___ Extracted data ___

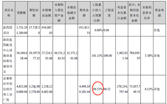 首先看必康新沂开发区综合体工业厂房项目。本项目总投资约为 46.52亿元,在公司借壳上市前,陕西必康已先期通过自有资金及银行贷款支付土地出让金及项目建设款合计约 17.68亿元,还剩下 28.84亿元的资金项目需求,公司计划使用募集配套资金 23.20亿元,余下约 5.64亿元的资金缺口上市公司通过债务融资等方式自筹资金解决。根据2018年年报发现,该项目工程进度已经到达96.52%。
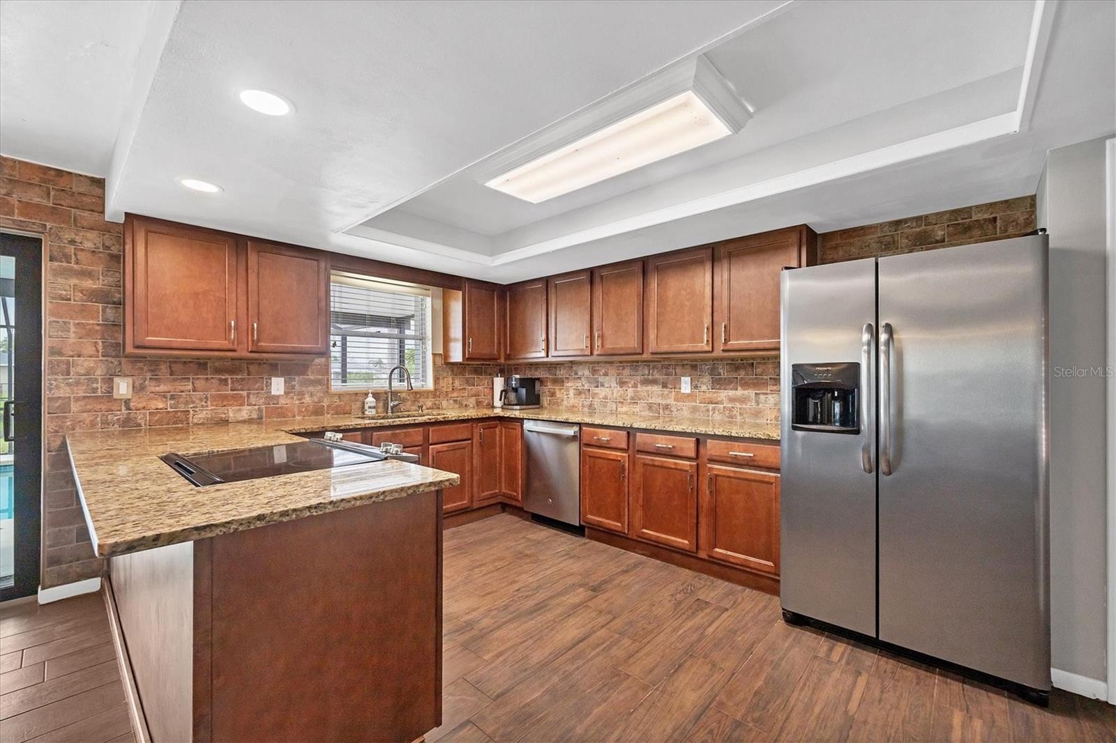 NEW OVERSIZED pool cage just installed in this fully fenced in 3 beds, 2 baths, 2 car garage waterfront home that's minutes from the beach! Find luxury and comfort in this skillfully crafted and well-maintained home in the community of Rotonda West. Let the relaxation begin when you are greeted with the most serene waterfall pond feature, and double french doors in the enclosed front porch. Upon entering the foyer, you will notice an illuminating and open floor plan with updated porcelain plank style tiles that run seamless throughout. The clean contemporary kitchen offers ample storage and working space with solid wood cabinets, granite countertops, and stainless steel appliances. Dazzle your company seated at the breakfast bar by cooking your favorite dishes on the center island cooktop or gather in the spacious dining room for endless entertaining. The primary bedroom provides lanai access with sliding glass doors. The custom designed seashore charmed glass bathroom boasts a whirlpool bathtub, fully tiled separate shower with glass doors, dual glass sinks, built in shelving, and walk in closet. Enjoy peace of mind, new roof 2022. Lounge in your heated oversized swimming pool, kayak or enjoy boating on the canal, or simply sit back at your firepit patio. Utilize this active community of Rotonda West, with 5 well maintained and challenging golf courses along with tennis, hiking, biking, and many other clubs and groups. Besides your double wide freshwater canal waterway where you can enjoy kayaking or boating this community offers 26 miles of canals stocked with freshwater fish, lakes, and an abundant number of ponds. Enjoy all of this in your backyard or venture out 15 minutes from home to Englewood and its 5 different public beaches or head 15 minutes south to Boca Grande home of world class tarpon fishing with its welcoming beaches, restaurants, and shops. Start enjoying paradise, book your showing today!
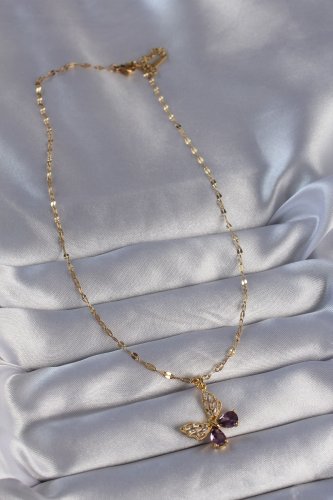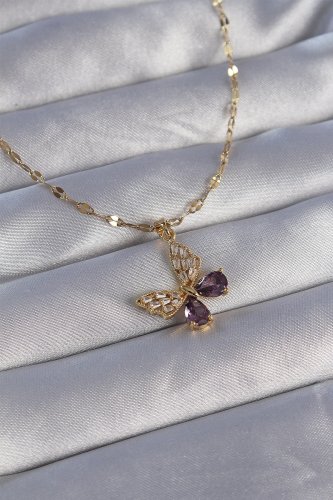 316L Çelik Zincirli Gold Renk Mor Zirkon Taş Kelebek Tasarımlı Kolye
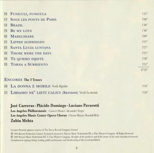| 27 | The Three Tenors: Libiamo Ne' Lieti Calici (Brindisi) | 3:20 min | |
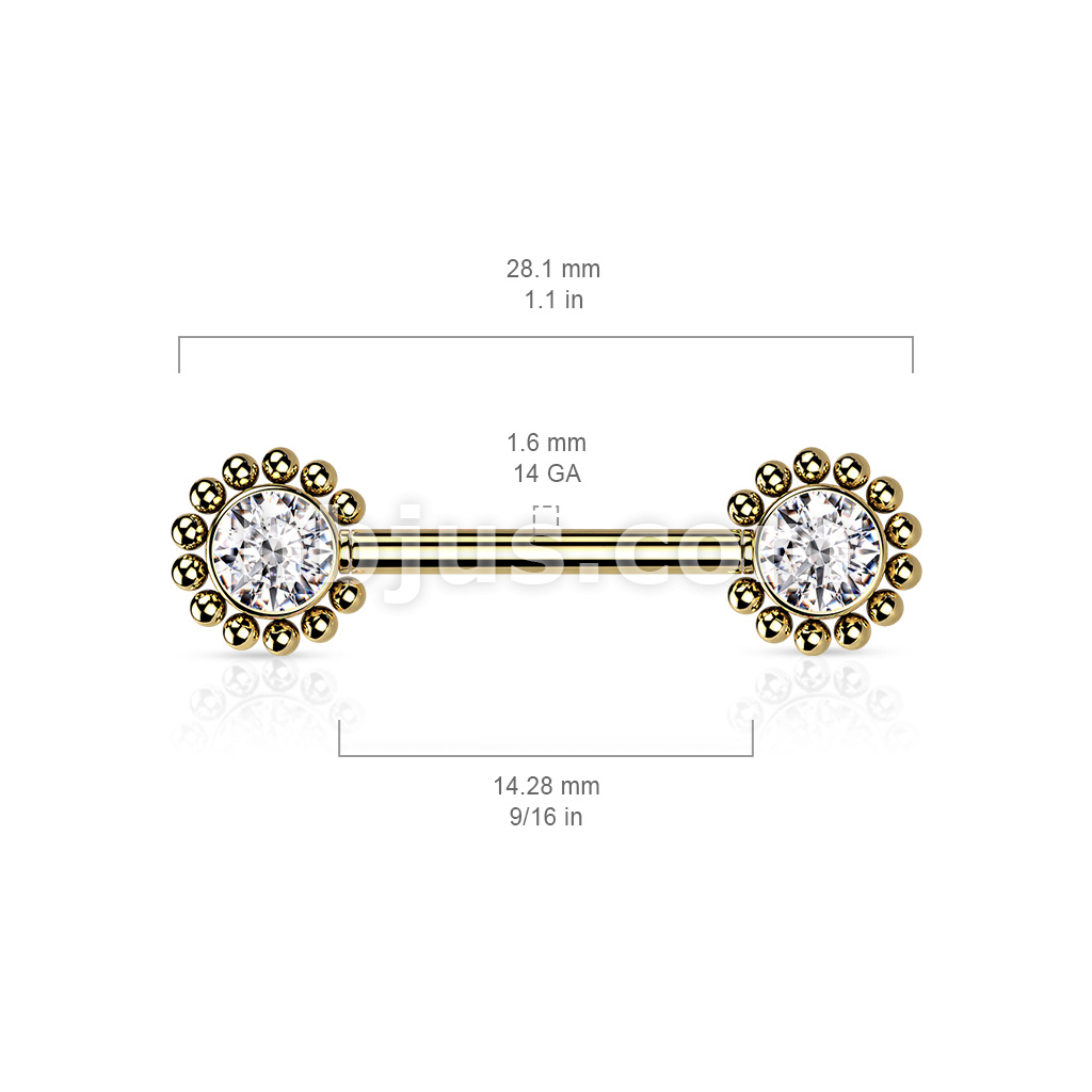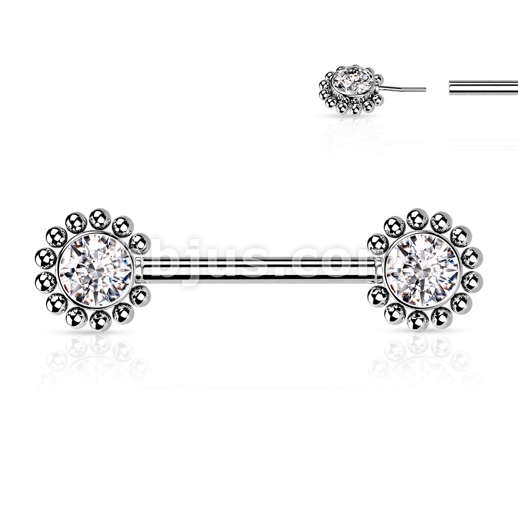 316L Surgical Steel Threadless Push In Nipple Barbell with Beaded Ball Edge and CZ Center On Each Side
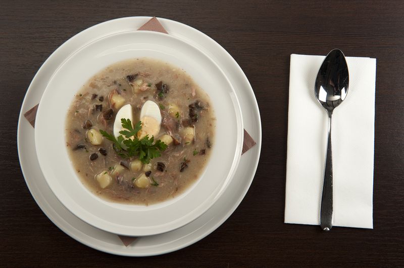 Tradycyjną zupę gotujemy na wywarze z wędzonych kości z dodatkiem warzyw (marchew, pietruszka, seler) oraz kiełbasy i grzybów. Podprawiamy zakwasem z mąki żytniej, dzięki czemu uzyskujemy jedwabistą konsystencję i lekko kwaśny smak. Podajemy w charakterystycznym, „wydrążonym” bochnie chleba.
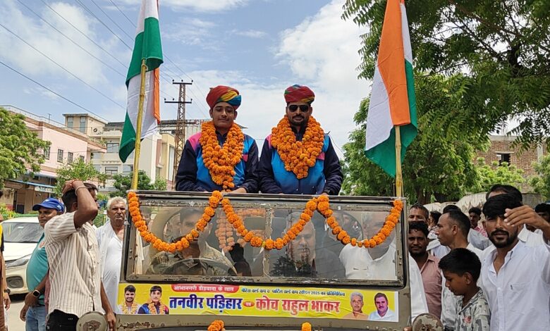 (हरिसिंह चौहान)डीडवाना जिला मुख्यालय पर स्थित मारवाड़ स्पोर्ट्स अकादमी के खिलाड़ी तनवीर पडीहार ने वह कारनामा कर दिखाया है। जो कारनामा आज का हर युवा खिलाड़ी करना चाहता है।तनवीर ने भारतीय टीम का नेतृत्व करते हुए,हैंडबॉल प्रतियोगिता में कांस्य पदक जीतकर डीडवाना का नाम रोशन किया है,तनवीर के कांस्य पदक जीतकर डीडवाना पहुंचने पर भव्य स्वागत किया गया है,और एक भव्य वाहन रैली का आयोजन भी किया गया है। वही मातृ शक्ति के द्वारा खिलाड़ी के डीडवाना पहुंचने पर मंगल गीत गाकर भी उनका स्वागत सत्कार किया गया।आप को बता दे कि पेरिस वर्ल्ड कप एवं पार्टिल वर्ल्ड कप स्वीडन 2025 में भारतीय हैंडबाल टीम का प्रतिनिधित्व कर लौटने पर खिलाड़ी तनवीर पड़िहार एव कोच राहुल भाकर का अस्पताल चौराहे पर जोरदार स्वागत किया गया।यह स्वागत मारवाड़ स्पोर्ट्स अकादमी के डॉक्टर सोहन चौधरी उनकी टीम के द्वारा किया गया,वहीं आमजन समाजसेवी भामाशाहों के द्वारा भी स्वागत किया गया। जिसमें योगेश लाल शर्मा भाजपा नेता श्याम प्रताप सिंह राठौड़ रामाकिशन खीचड़ के द्वारा भी तनवीर को माला साफा पहनाकर राहुल भाकर को माला पहनाकर स्वागत किया एवं उज्जवल भविष्य की शुभकामनाएं दी। वही स्वागत कार्यक्रम के पश्चात देशभक्ति गीतों के साथ में एक विशाल वाहन रैली का आयोजन भी किया गया।यह वाहन रैली अस्पताल चौराहे से आरंभ हुई।जहां कोच खिलाड़ी को ओपन जीप में बैठाकर भारत माता की जयकारों के साथ में रैली निकाली गई।जो रैली फवारा सर्किल बस स्टैंड चुंगी चौक की होते हुए रहमान गेट के पास जाकर संपूर्ण हुई,जहां पर एक सम्मान समारोह का आयोजन हुआ।एक बार फिर कोच खिलाड़ी एवं मारवाड़ स्पोर्ट अकादमी के डॉक्टर सोहन चौधरी का स्वागत अभिनंदन तनवीर के परिजनों के द्वारा किया गया।

___

## Work item:
Take the lines from the first line of the entries through the line with "316L Surgical Steel", inclusive, and give them again exactly, minus any pictures.

## Answer to the problem:
 首先看必康新沂开发区综合体工业厂房项目。本项目总投资约为 46.52亿元,在公司借壳上市前,陕西必康已先期通过自有资金及银行贷款支付土地出让金及项目建设款合计约 17.68亿元,还剩下 28.84亿元的资金项目需求,公司计划使用募集配套资金 23.20亿元,余下约 5.64亿元的资金缺口上市公司通过债务融资等方式自筹资金解决。根据2018年年报发现,该项目工程进度已经到达96.52%。
 NEW OVERSIZED pool cage just installed in this fully fenced in 3 beds, 2 baths, 2 car garage waterfront home that's minutes from the beach! Find luxury and comfort in this skillfully crafted and well-maintained home in the community of Rotonda West. Let the relaxation begin when you are greeted with the most serene waterfall pond feature, and double french doors in the enclosed front porch. Upon entering the foyer, you will notice an illuminating and open floor plan with updated porcelain plank style tiles that run seamless throughout. The clean contemporary kitchen offers ample storage and working space with solid wood cabinets, granite countertops, and stainless steel appliances. Dazzle your company seated at the breakfast bar by cooking your favorite dishes on the center island cooktop or gather in the spacious dining room for endless entertaining. The primary bedroom provides lanai access with sliding glass doors. The custom designed seashore charmed glass bathroom boasts a whirlpool bathtub, fully tiled separate shower with glass doors, dual glass sinks, built in shelving, and walk in closet. Enjoy peace of mind, new roof 2022. Lounge in your heated oversized swimming pool, kayak or enjoy boating on the canal, or simply sit back at your firepit patio. Utilize this active community of Rotonda West, with 5 well maintained and challenging golf courses along with tennis, hiking, biking, and many other clubs and groups. Besides your double wide freshwater canal waterway where you can enjoy kayaking or boating this community offers 26 miles of canals stocked with freshwater fish, lakes, and an abundant number of ponds. Enjoy all of this in your backyard or venture out 15 minutes from home to Englewood and its 5 different public beaches or head 15 minutes south to Boca Grande home of world class tarpon fishing with its welcoming beaches, restaurants, and shops. Start enjoying paradise, book your showing today!
 316L Çelik Zincirli Gold Renk Mor Zirkon Taş Kelebek Tasarımlı Kolye
| 27 | The Three Tenors: Libiamo Ne' Lieti Calici (Brindisi) | 3:20 min | |
 316L Surgical Steel Threadless Push In Nipple Barbell with Beaded Ball Edge and CZ Center On Each Side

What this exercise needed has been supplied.